In a recent comment, the rating agency noted that the “renewals experienced by a number of European-based global insurers confirms A.M. Best Co.’s expectation that significant price increases are by and large limited to business lines affected by the U.S. hurricanes.
Best indicated that “European treaties (which account for approximately two thirds of the renewable portfolio) saw relatively stable premium rates. This stability was also partially a result of a higher net retention by primary insurers, which to some extent eased the pressure to accept higher reinsurance costs.”
Best said it “believes that the significant losses from Katrina, Wilma and Rita incurred by reinsurers have only helped to halt temporarily the downward trend in the underwriting cycle prior to these events.” However, Best expects a return of price competition, “if underwriting results in 2006 turn out to be favorable, as capacity for most lines of business remains readily available.”
The premium rate rises affected mainly business lines comprised of offshore marine and property catastrophe, which are, in Best’s opinion, “insufficient to compensate for the losses incurred by reinsurers in 2005.” Best also indicated that not only as a “result of the severity of Hurricane Katrina, but also from the acceptance that such events are likely to occur more frequently, reinsurers are reassessing their internal models and their aggregate exposure. In some instances, this has already led to a reduction in limits by reinsurers.”
Best commented: “The hurricane seasons of 2004 and 2005 have highlighted the unpredictability and volatility of natural catastrophe reinsurance, which in turn raises questions about reinsurers’ ability to achieve sustainable earnings–an indicator as to whether a reinsurer’s balance sheet is likely to improve.” As a consequence, Best said it “is placing a much stronger emphasis on how reinsurers evaluate and control their exposure to world-wide natural catastrophe risks, although the credibility of a reinsurer’s risk management practice can only be fully tested when such an event occurs.” Best also said it has “revised its capital requirements for underwriting such risks and expects rated companies to maintain certain capital levels even if a second probable maximum loss occurs.”

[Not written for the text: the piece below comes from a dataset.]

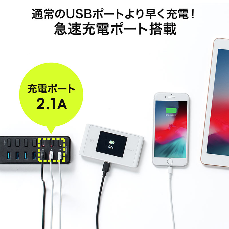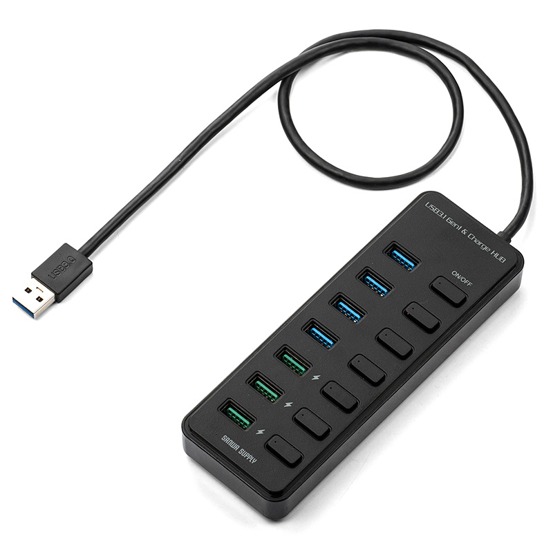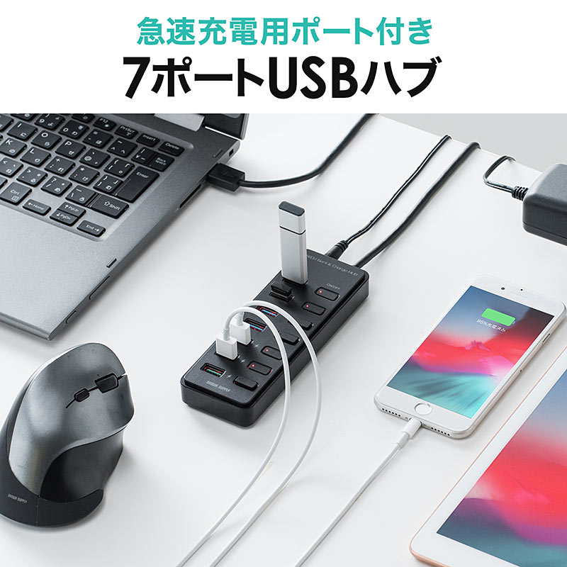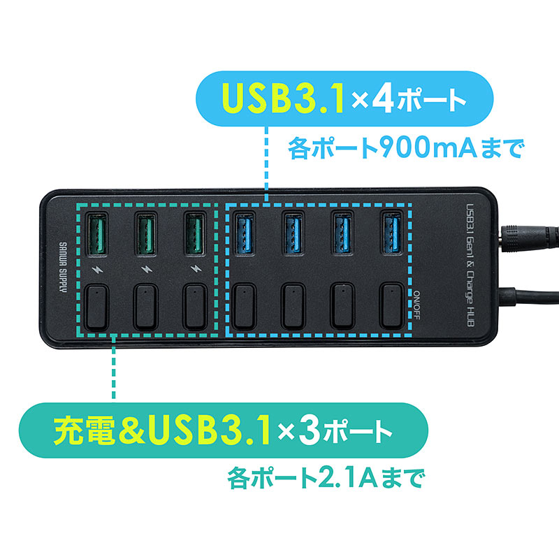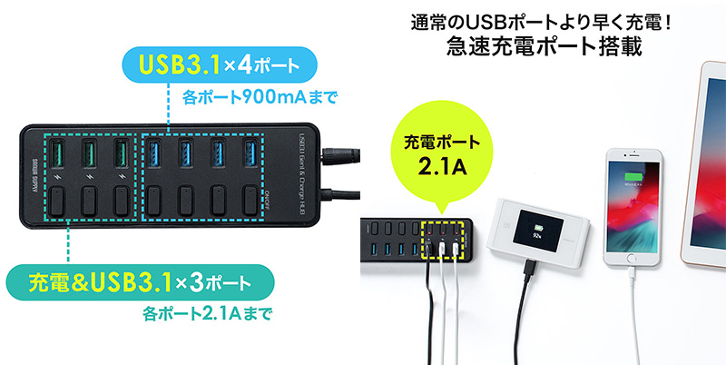 本機は、個別スイッチを搭載した7ポートハブで、ポートはすべてUSB 3.1となります。うち3つはスマートフォンやタブレットを充電できる2.1Aで、さまざまな周辺機器の充電器代わりとしても使えます。

Best expressed its belief that “the maintenance of the current financial strength of the European reinsurers will, to a large extent, depend on their ability to generate earnings supportive of their risk-adjusted capitalization through a period of more frequent and more severe natural catastrophe claims. Reinsurers need to adapt both their underwriting strategies and their risk controls to this changing landscape. Also, if underwriting results continue to be extremely volatile, investors may be reluctant to provide additional capital, hence also negatively impacting the financial flexibility of the reinsurance sector.”